DeeAnn Weir is an Agape Licensed Spiritual Practitioner, Reiki Master, Aura Soma Practitioner; she is currently studying to be an ordained Interfaith Minister at One Spirit Interfaith Seminary. She teaches and facilitates workshops and classes in meditation, Reiki, affirmative prayer, the principles of New Thought/Ancient Wisdom and The Science of Mind. Her private practice, A Radiant Joy, utilizes an inclusive, integrative holistic approach based on Universal Spiritual Principles and Truths, spiritual counseling, meditation techniques and various energy healing modalities. She resides in Princeton, NJ and is affiliated with Agape International Spiritual Center, in Los Angeles, CA and the Center for Spiritual Living, in Princeton, NJ. In addition to writing a weekly blog for Fellowship In Prayer, DeeAnn is also the administrator for their Online Community.

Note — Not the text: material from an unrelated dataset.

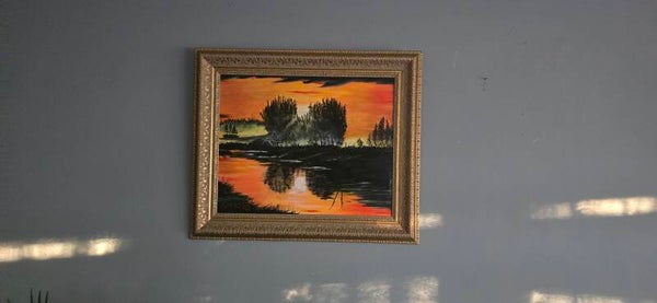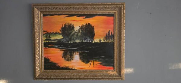 Original oil painting signed by artist and varnished. One of a kind. 20 by 16 inches on stretched canvas. Framed. Free shipping
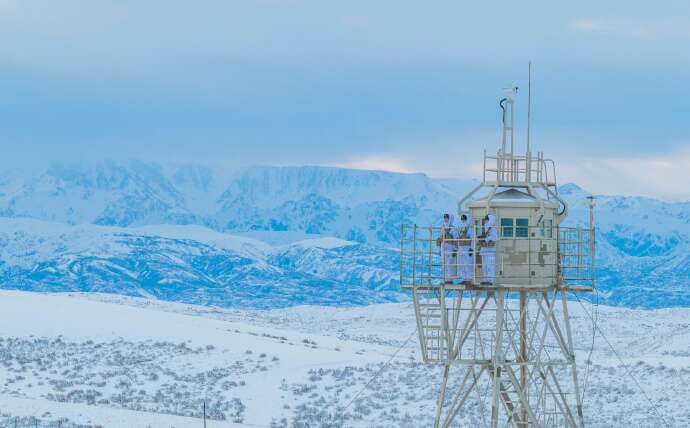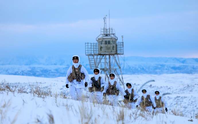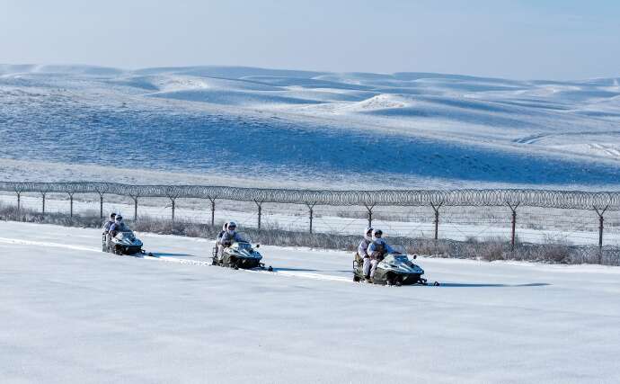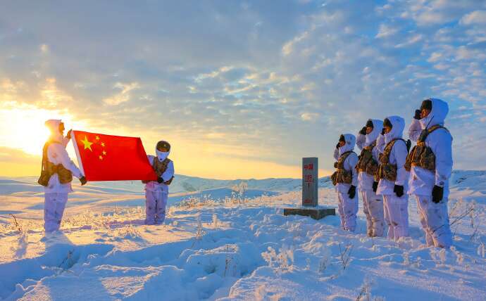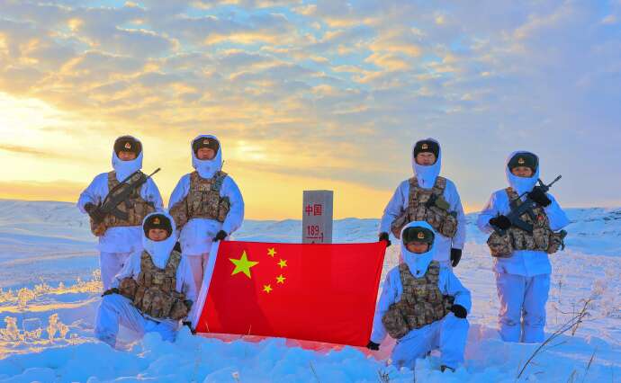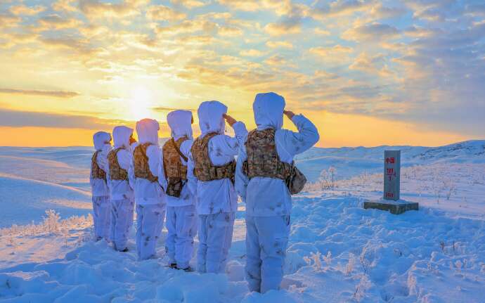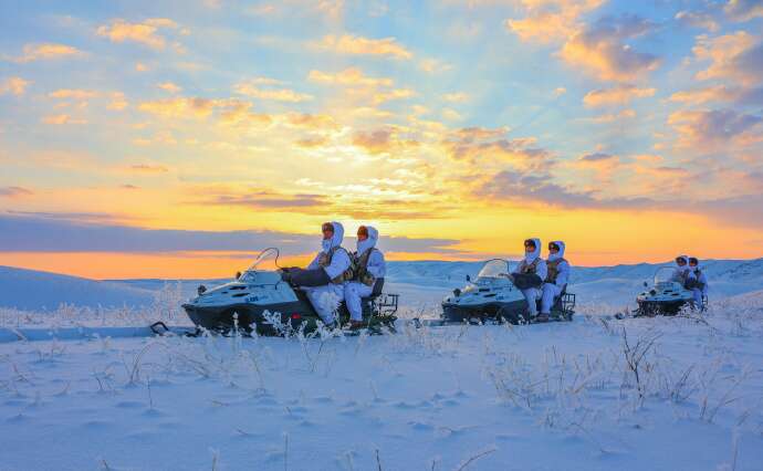 近日,新疆军区某边防连官兵冒严寒、踏深雪,采取乘摩托雪橇和徒步相结合的方式执行巡逻任务,确保边境地区安全稳定。

Living Your Practice – A Double Edged Sword
02/15/2010 11:21:13



The New Year for me began with some hard questions and deep soul searching.   Over the years, as I have matured as a spiritual practitioner, I regularly stop and examine my life to gain clarity in relation to my core values.  One thing that I deeply value is my commitment to truly embody the teachings, the spiritual principles that I teach and share with others.  I am a true advocate of inspiring others by who I am, not just by saying who I am.  This belief began when my spiritual journey was more private and personal.   I have found that the more I am asked to serve in a leadership role, as my journey has become more public, this call towards authentic embodiment has begun to take on even more importance.   As this New Year rolled around I found myself deeply immersed in the following questions.  Where am I in this practice called life?   Am I really the living embodiment of what I teach?  How successful am I in actually living what I practice?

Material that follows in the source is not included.